§ **Task prompt**
Please return all records verbatim, no pictures.

+++ Dataset records +++

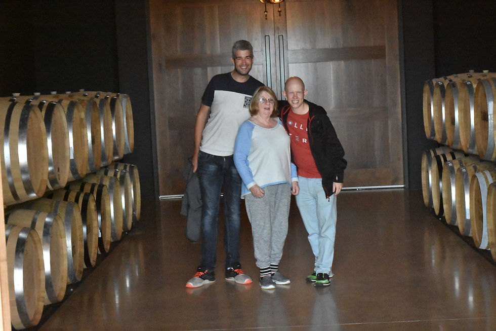 Luckily we had a complete opposite experience at ‘Amelia Park.’ It made the last place look amateurish. To enter, you walk up to these massive wooden doors and as you go in, you are greeted by a long windowless corridor with wooden barrels on each side as you move up to the top of the corridor, two wooden doors automatically open up to the main reception area that consists of a counter in front of the most beautiful view of the winery with the mountains in the background. The main public area was extremely modern and very stylish. I really liked how they made the spectacular view a main feature. The lady that looked after us was extremely friendly and helpful. She was so much more down to earth. I think she enjoyed having a laugh with us crazy Irish! I wouldn’t say many of their visitors would be as friendly as us. Wine people for you!
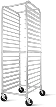 - SAFE AND HUMANIZED SIZE DESIGN – the size of the bread rack is 26″ L x 20″ W x 38″ H, The spacing of each rack is 3″. Each pair of sliders can support 75 LB and the maximum can support 350 LB. The open shelf is convenient for you to put on or remove the baking tray from the rack.
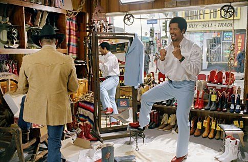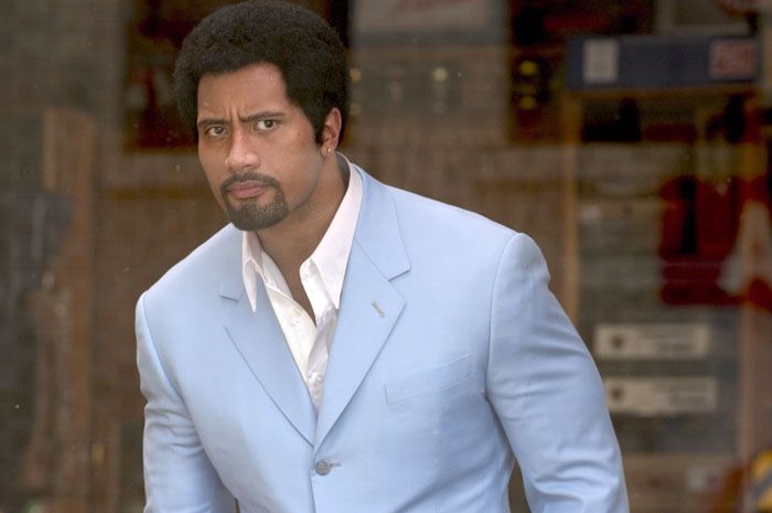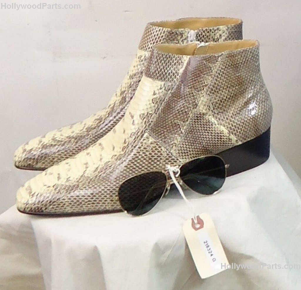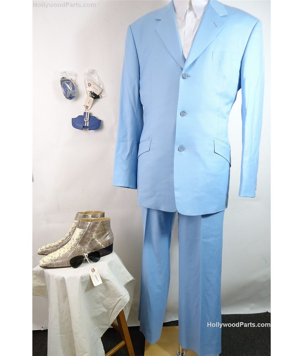 Hero outfit worn by the Rock as Elliot Wilhelm in Be Cool. Costume consists of High Society light blue sports jacket with notched lapel, matching pants with flat front, Enrico Rossini white polyester satin dress shirt size XXL, Giorgio Brutini pair of brown and cream snake skin ankle-high boots with zipper, pair of black gold toe socks. Also includes accessories; blue and white leather Sidekick phone pouch, pair of CZ stud earrings, pair of dark green Rayban sunglasses with gold wire frame. Change 3, Scene 68. Used at the Boot Barn when Elliot dances and sees Chili.
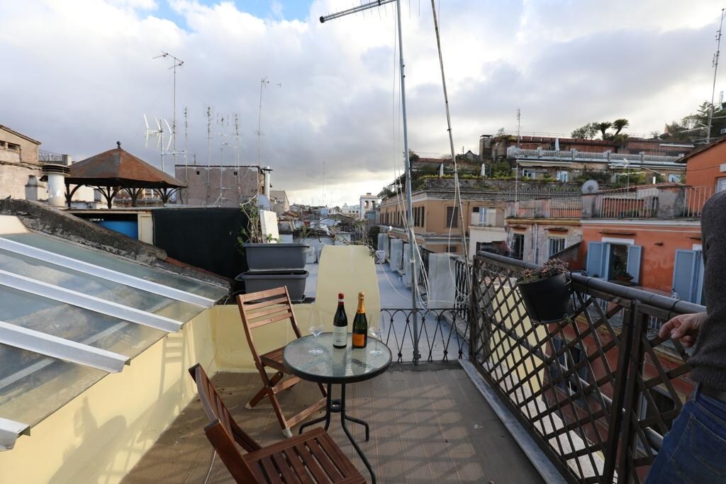 Mjög lítið rómantískt og kyrrlátt athvarf í einu af miðlægustu og mest heillandi hornum Rómar. Þetta var einn af þjónum göfugrar rómverskrar fjölskyldu sem átti höllina á 17. öld. Gættu þín á fallegu upprunalegu bjálkunum sem einkenna þetta brúðkaupsheimili... þú gætir slegið höfuðið!... eða misst það vegna fegurðar Rómar. Frá samliggjandi verönd íbúðarinnar sérðu eitt fallegasta útsýnið yfir borgina. Code Cise/Cir 28290. Cin: IT058091C2RP3QUCCG
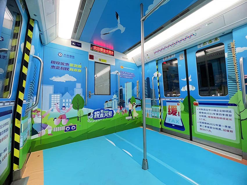“稅務部門用減、緩、退、延分門別類概括了新的組合式稅費支持政策,同時,又將最重要的優(yōu)惠政策內(nèi)容以圖文并貌的形式印刷在車上,一趟地鐵出行,就清清楚楚學懂了最新的組合式稅費支持政策,真的是不虛此行,為稅務局接地氣的宣傳方式點贊!”近日,在“稅務春風號”主題地鐵專列上,做財務工作的大連市民吳先生由衷感慨道。
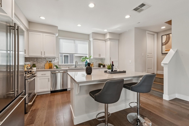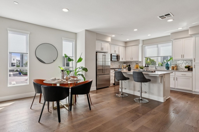 Modern 3BD/4BA end-unit townhome in Marina Bay’s desirable NOMA community. Built in 2018, this light-filled, multi-level home offers 1,739± sq ft of open-concept living with $75K in upgrades, including automated blinds, Café appliances, Monogram fridge, and a premium security system. Spacious living room flows into a sleek kitchen—perfect for entertaining. Enjoy a private rooftop deck with partial Bay views, ideal for outdoor dining or relaxing sunsets. The 2-car garage features epoxy floors and custom built-ins. Prime location near Bay Trail, parks, and Richmond Ferry, with easy access to Oakland, Berkeley, and San Francisco.
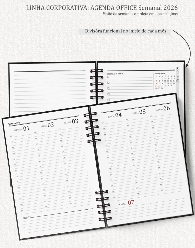 Agenda semanal com visão da semanal em duas páginas com horários para agendamentos das 7h às 20h (ou sem horários) de segunda a sexta a sábado (versão com e sem horários).
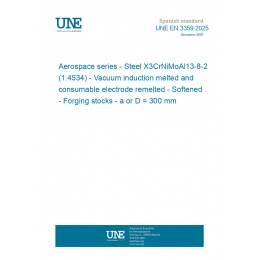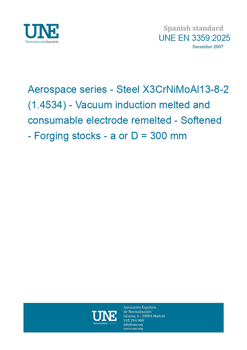 Material aeroespacial. Acero X3CrNiMoAl13-8-2 (1.4534). Fundido en vacío por inducción y refundido con electrodo consumible, templado, productos de forja a o D <= 300 mm (Ratificada por la Asociación Española de Normalización en octubre de 2025.)
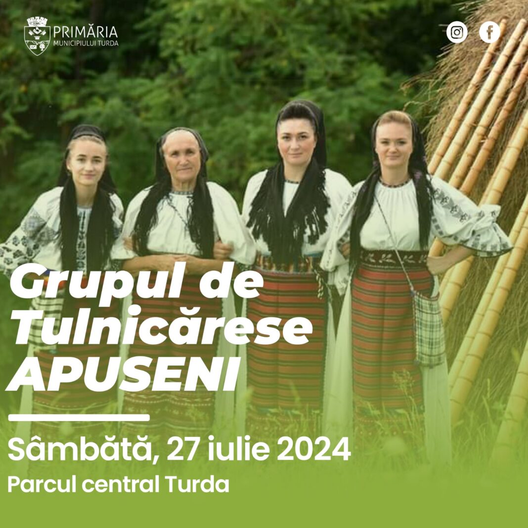Sâmbătă, 27 iulie, de la ora 18:20, grupul de tulnicărese Apuseni va deschide Festivalul de Folclor din Parcul Central, cu un moment deosebit, aducând pe scenă sunetele autentice ale tulnicului și tradițiile vechi de secole.
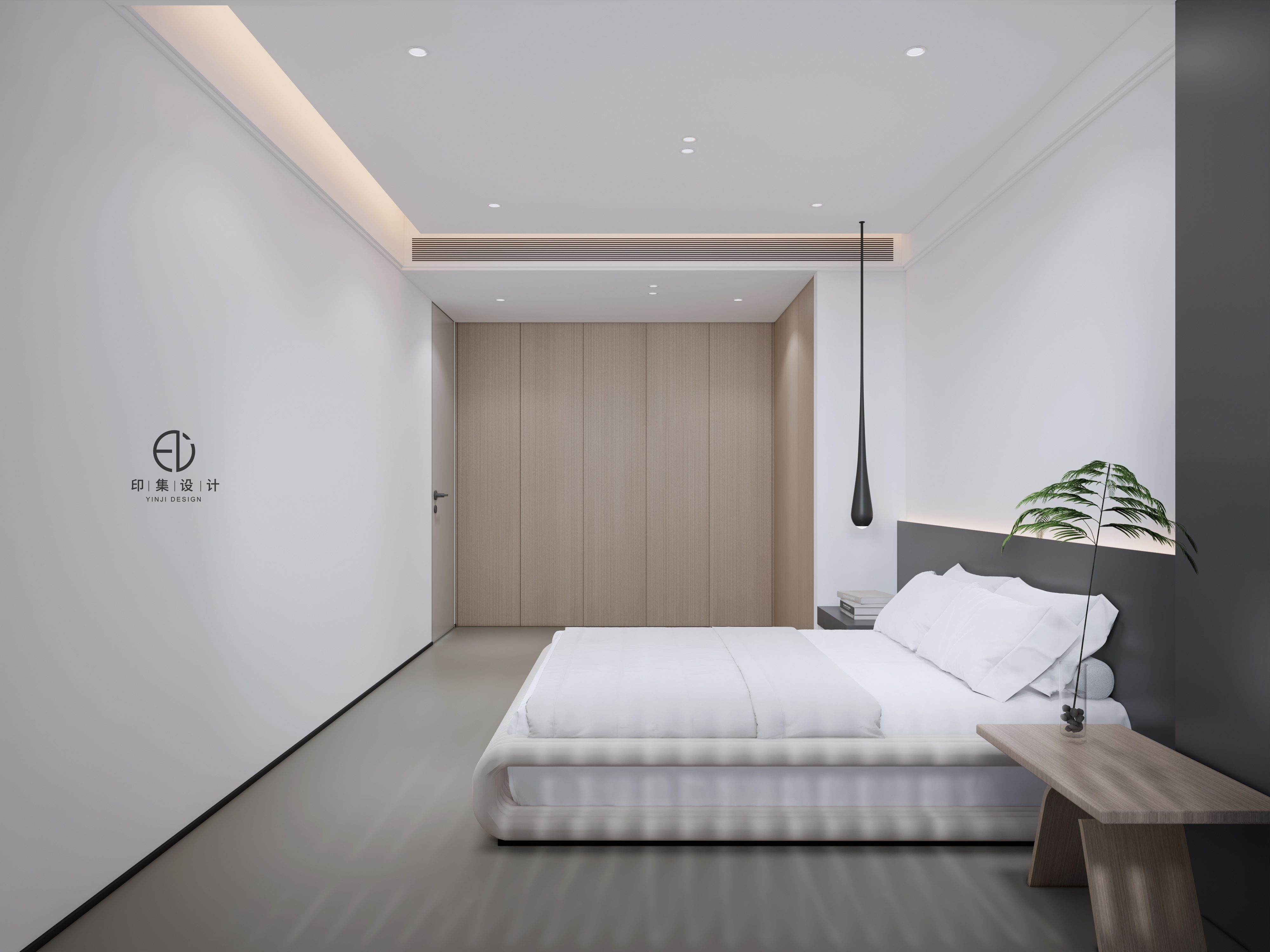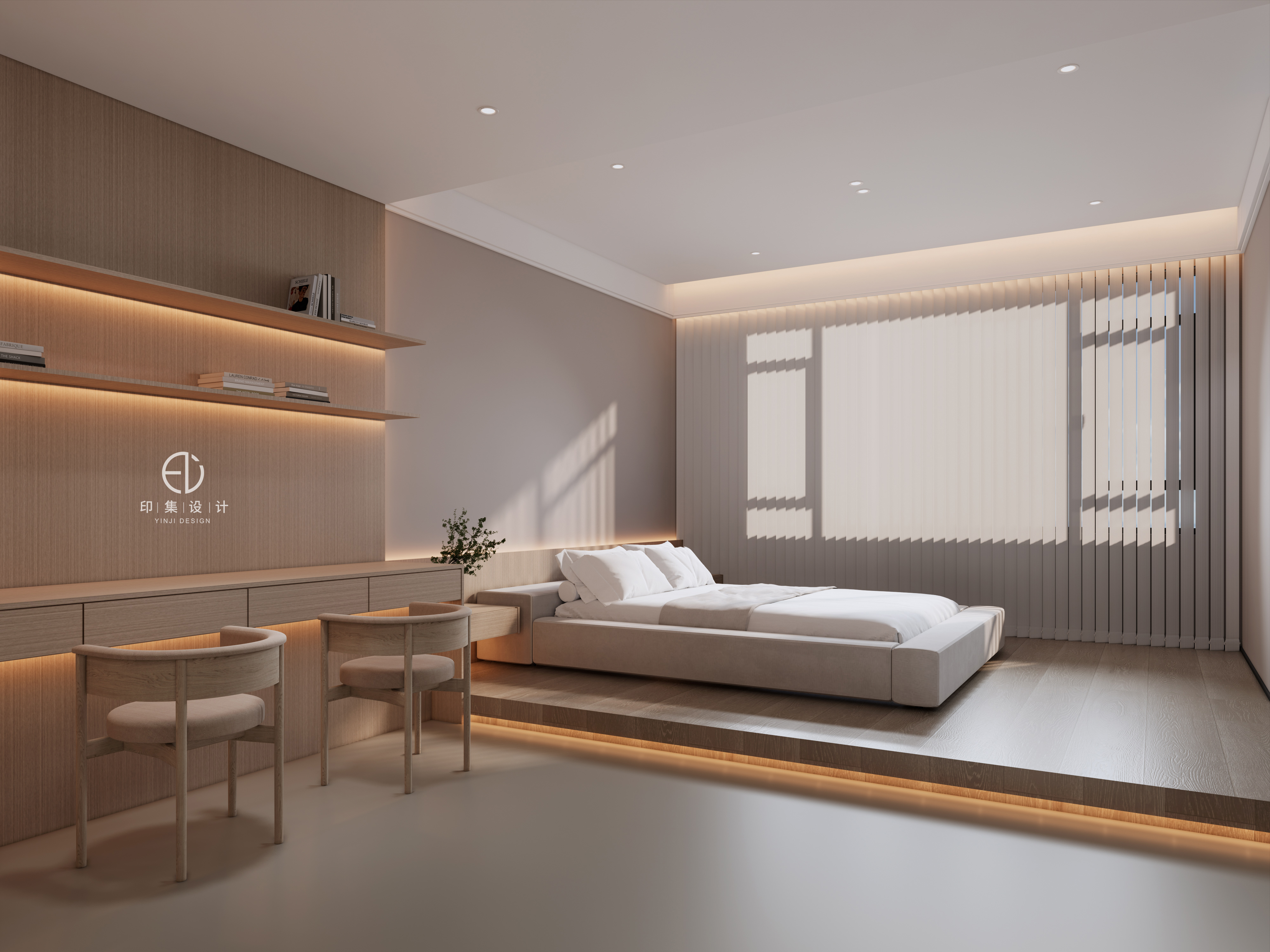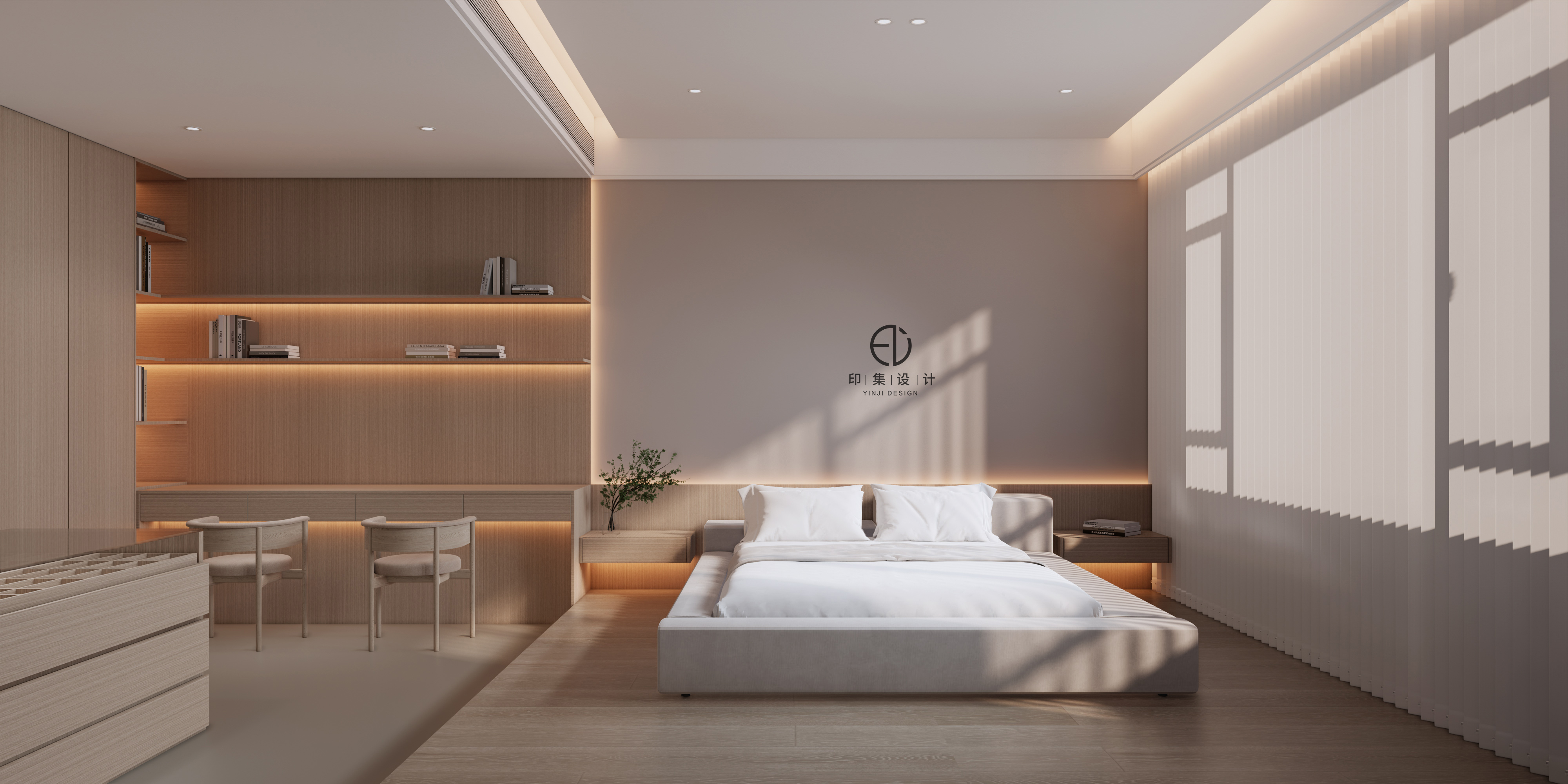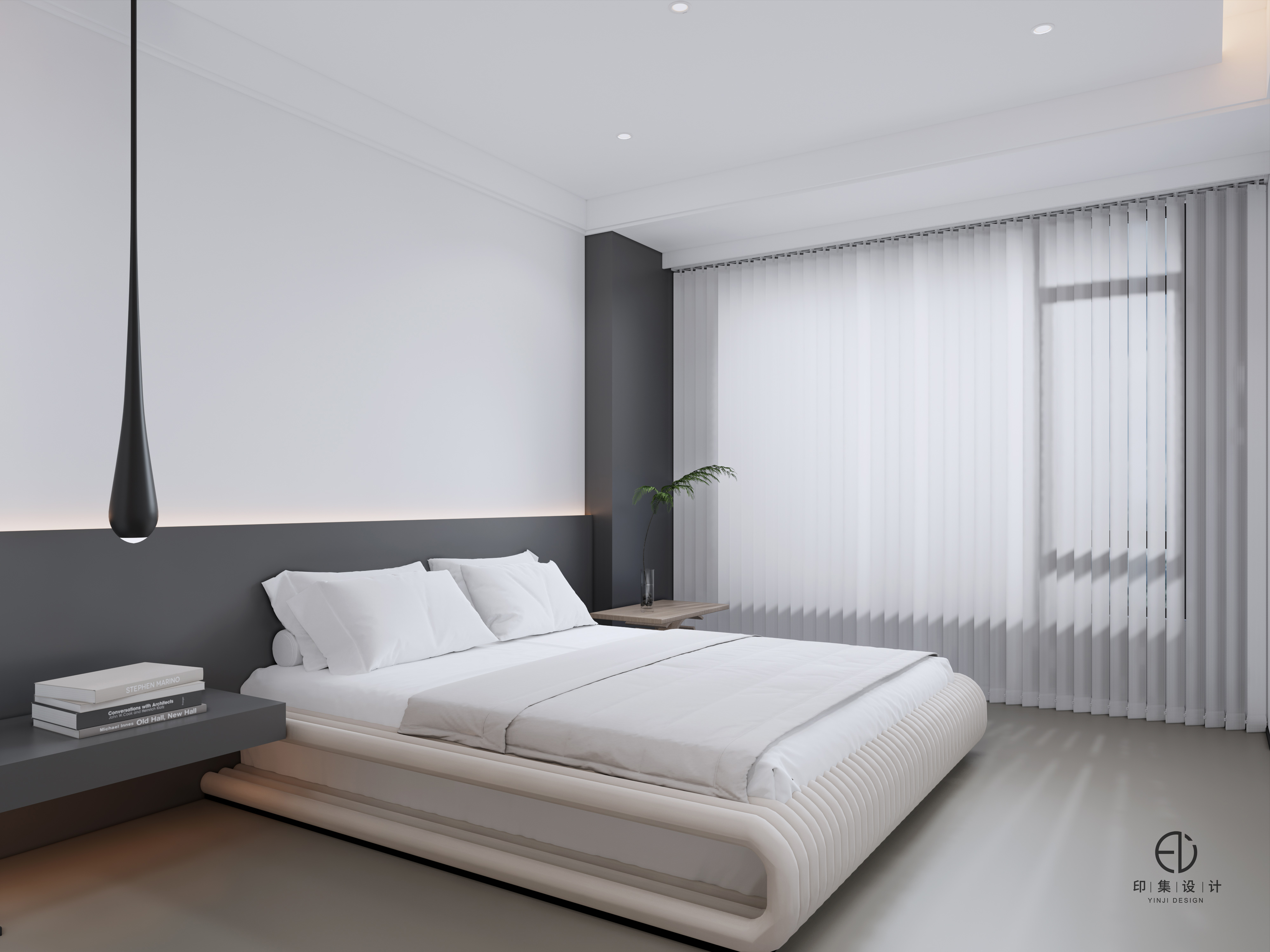 次卧采用大面积的留白设计,没有繁复的元素渲染,仅几笔横竖线条的简单勾勒,简而高级,纯粹自然。

+++

§ **Task response**
 Luckily we had a complete opposite experience at ‘Amelia Park.’ It made the last place look amateurish. To enter, you walk up to these massive wooden doors and as you go in, you are greeted by a long windowless corridor with wooden barrels on each side as you move up to the top of the corridor, two wooden doors automatically open up to the main reception area that consists of a counter in front of the most beautiful view of the winery with the mountains in the background. The main public area was extremely modern and very stylish. I really liked how they made the spectacular view a main feature. The lady that looked after us was extremely friendly and helpful. She was so much more down to earth. I think she enjoyed having a laugh with us crazy Irish! I wouldn’t say many of their visitors would be as friendly as us. Wine people for you!
 - SAFE AND HUMANIZED SIZE DESIGN – the size of the bread rack is 26″ L x 20″ W x 38″ H, The spacing of each rack is 3″. Each pair of sliders can support 75 LB and the maximum can support 350 LB. The open shelf is convenient for you to put on or remove the baking tray from the rack.
 Hero outfit worn by the Rock as Elliot Wilhelm in Be Cool. Costume consists of High Society light blue sports jacket with notched lapel, matching pants with flat front, Enrico Rossini white polyester satin dress shirt size XXL, Giorgio Brutini pair of brown and cream snake skin ankle-high boots with zipper, pair of black gold toe socks. Also includes accessories; blue and white leather Sidekick phone pouch, pair of CZ stud earrings, pair of dark green Rayban sunglasses with gold wire frame. Change 3, Scene 68. Used at the Boot Barn when Elliot dances and sees Chili.
 Mjög lítið rómantískt og kyrrlátt athvarf í einu af miðlægustu og mest heillandi hornum Rómar. Þetta var einn af þjónum göfugrar rómverskrar fjölskyldu sem átti höllina á 17. öld. Gættu þín á fallegu upprunalegu bjálkunum sem einkenna þetta brúðkaupsheimili... þú gætir slegið höfuðið!... eða misst það vegna fegurðar Rómar. Frá samliggjandi verönd íbúðarinnar sérðu eitt fallegasta útsýnið yfir borgina. Code Cise/Cir 28290. Cin: IT058091C2RP3QUCCG
“稅務部門用減、緩、退、延分門別類概括了新的組合式稅費支持政策,同時,又將最重要的優(yōu)惠政策內(nèi)容以圖文并貌的形式印刷在車上,一趟地鐵出行,就清清楚楚學懂了最新的組合式稅費支持政策,真的是不虛此行,為稅務局接地氣的宣傳方式點贊!”近日,在“稅務春風號”主題地鐵專列上,做財務工作的大連市民吳先生由衷感慨道。
 Modern 3BD/4BA end-unit townhome in Marina Bay’s desirable NOMA community. Built in 2018, this light-filled, multi-level home offers 1,739± sq ft of open-concept living with $75K in upgrades, including automated blinds, Café appliances, Monogram fridge, and a premium security system. Spacious living room flows into a sleek kitchen—perfect for entertaining. Enjoy a private rooftop deck with partial Bay views, ideal for outdoor dining or relaxing sunsets. The 2-car garage features epoxy floors and custom built-ins. Prime location near Bay Trail, parks, and Richmond Ferry, with easy access to Oakland, Berkeley, and San Francisco.
 Agenda semanal com visão da semanal em duas páginas com horários para agendamentos das 7h às 20h (ou sem horários) de segunda a sexta a sábado (versão com e sem horários).
 Material aeroespacial. Acero X3CrNiMoAl13-8-2 (1.4534). Fundido en vacío por inducción y refundido con electrodo consumible, templado, productos de forja a o D <= 300 mm (Ratificada por la Asociación Española de Normalización en octubre de 2025.)
Sâmbătă, 27 iulie, de la ora 18:20, grupul de tulnicărese Apuseni va deschide Festivalul de Folclor din Parcul Central, cu un moment deosebit, aducând pe scenă sunetele autentice ale tulnicului și tradițiile vechi de secole.
 次卧采用大面积的留白设计,没有繁复的元素渲染,仅几笔横竖线条的简单勾勒,简而高级,纯粹自然。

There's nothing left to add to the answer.